When she finally committed to poetry, she didn’t discard that corporate training. She imported it. You can see the corporate anxiety rattling inside her 2013 collection, The Boss. Written in the frantic, unpunctuated wake of her father’s stroke and her own experiences with corporate hierarchy, the book reads like a panic attack on a spreadsheet. The poems rush down the page without commas or periods, mimicking the breathless pace of a quarterly earnings report. The “boss” in these poems is a slippery, terrifying figure—sometimes an actual employer, sometimes the specter of death, sometimes a father whose body is failing him. She did something similar in Barbie Chang, using complete missing marks couplets to skewer the plastic, white-suburban cliques of school drop-offs and country clubs. It is uncomfortable, funny, and deeply anxious writing. But the real rupture came with OBIT.

Her mother had died of cancer, and her father was dissolving into dementia. Faced with that level of personal wreckage, the traditional, tidy lyric poem felt to her like a complete lie. She couldn’t write neat little stanzas about grief. Instead, she chose the cold, narrow columns of the newspaper obituary. She didn't just eulogize her mother; she wrote obituaries for her mother’s teeth, for her father’s frontal lobe, for “grief,” for “the future.” The language inside these gray rectangles is flat, dry, and devastating. “My mother’s teeth were small and regular,” she writes, cataloging her mother's body as if she were taking inventory of a desk drawer. The book was a critical sensation, winning the Los Angeles Times Book Prize and the Anisfield-Wolf Book Award. But the word “success” feels incredibly cheap here. She wasn't chasing awards; she was simply looking for a container that could hold her grief without bursting. Grief, though, doesn't leave just because a book is finished.

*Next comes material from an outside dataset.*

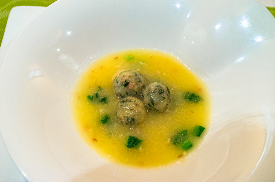 パスタ1皿目は,ポレンタをお団子状にして浮かべたスープ。
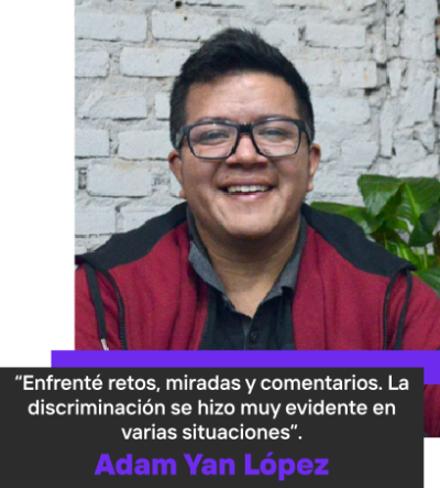 Adam es técnico y licenciado en Comunicación Social, graduado de la Facultad de Humanidades y Ciencias Sociales de la UNaM. Actualmente trabaja en la Dirección Nacional de Vialidad, empleo que se generó a través del cumplimiento de la Ley de Promoción del Acceso al Empleo Formal para personas Travestis, Transexuales y Transgénero (Ley 27.636) en la República Argentina. A su vez forma parte de una asociación que se llama Somos Diverses, en la cual milita y trabaja por la promoción de derechos del colectivo LGBTIQ+ en la Ciudad de Posadas.

She followed OBIT with Dear Memory: Letters on Writing, Silence, and Grief, a hybrid project that feels like an overturned box of archives. Because her parents rarely spoke of their lives in China and Taiwan, Chang was left with a suitcase of old, unreadable documents and a history full of holes. The book is her trying to talk to those silent spaces. Around this same time, she was writing children's books like Is Mommy? and Love, Love, projects that are driven by the exact same question: how do kids learn to live alongside the unspoken pain of their parents? By the time she reached her recent collections, With My Back to the World and her latest, Tree of Knowledge, her work had taken a deeply visual, ekphrastic turn.

In With My Back to the World, she found a hiding place in the pale, silent grid paintings of Agnes Martin. For a poet dealing with depression and the endless, exhausting chatter of the digital age, Martin’s empty canvases offered a literal sanctuary. In Tree of Knowledge, she extends this visual dialogue to Hilma af Klint and Joan Mitchell, utilizing their abstract languages to explore memory and erasure.

The emotional center of Tree of Knowledge, however, is a long poem titled “Eureka,” which confronts the 1885 expulsion of Chinese immigrants from Eureka, California. Three hundred Chinese residents were rounded up by a white committee and forced onto steamboats bound for San Francisco. Rather than writing about this from a safe historical distance, Chang collapses the timeline entirely, putting her own modern, vulnerable body into that freezing Pacific water. It is a stunning, difficult piece of writing. It argues that historical trauma doesn't stay in the past; it settles into the soil, feeding the roots of the trees we walk past every day on our way to work.

Now, Chang is the Bourne Chair in Poetry at Georgia Tech, directing their Poetry@Tech program. She has edited for The New York Times Magazine, won a Guggenheim, and received a stack of prestigious accolades. But the awards are almost beside the point. What makes Chang one of the most compelling voices in contemporary poetry is her absolute refusal to remain comfortable. She is an artist who constantly breaks her own tools. The second she masters a form, she abandons it and starts over, trying to find a new way to capture the chaotic, splintered experience of being alive. She remains on the porch, watching the trees fall, writing down the sound of the saw.